China government recently issued additional fuel oil import quotas towards private entities, including independent refineries and traders, by 3 million tonnes, on the basis of 16.2 million tonnes released at the beginning of the year.
Unlike crude oil import quotas where each entity has a specific quota, the 165 entities enjoying fuel oil import quotas follow the principle of "first come, first claim". That is, the qualified private entity applies for the import quotas based on their demand as long as there are quotas left.
Up to now, there are 21 independent refineries in China enjoying the import quotas of both crude oil and fuel oil, whose combined crude oil import quotas exceeded 80 million tonnes/year.
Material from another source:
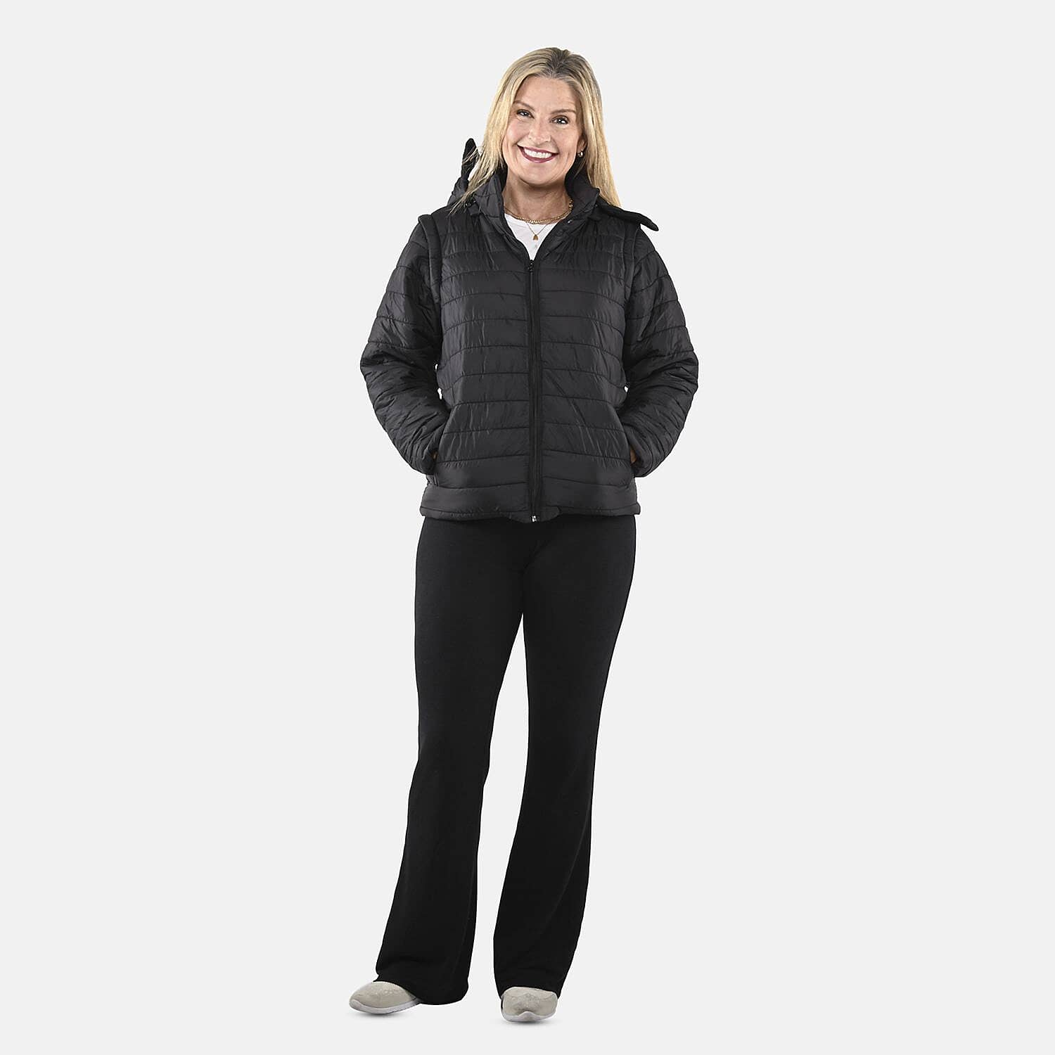 Black Padded Puffer Jacket with Detachable Hood and Long Sleeves - L

Nevertheless, independent refineries without fuel oil import quotas could still obtain imported fuel oil with the help of other qualified refineries.
Source: Mysteel OilChem
In addition, there are also independent refineries, some of which are refineries producing primarily bitumen, having fuel oil import quotas only, and there combined CDU capacity is more than 15 million tonnes/year.
Source: Mysteel OilChem
While imported fuel oil was mainly used as bunker oil in the previous years, the situation was quite different in 2023.
Looking back on the first half, the fuel oil became quite popular as an alternative feedstock of refineries when the imports of bitumen mixtures were restricted due to more stringent customs requirements, in addition to insufficient crude oil import quotas compared with refineries' feedstock demand.
The arrivals of fuel oil at ports in Shandong Province and Tianjin City as feedstock were close to 11 million tonnes over January-November 2023, against merely 1.13 million tonnes in the same period last year.
Source: Mysteel OilChem
Therefore, the fuel oil import quotas for private entities were almost used up as early as in October, which prompted the government to issue additional quotas to answer the independent refineries' rigid demand, per OilChem estimation.
Looking ahead over 2024, it is believed that fuel oil will become an increasingly important alternative feedstock on the backdrop of supply uncertainties of bitumen mixtures induced by US policy, as well as robust demand of domestic independent refineries.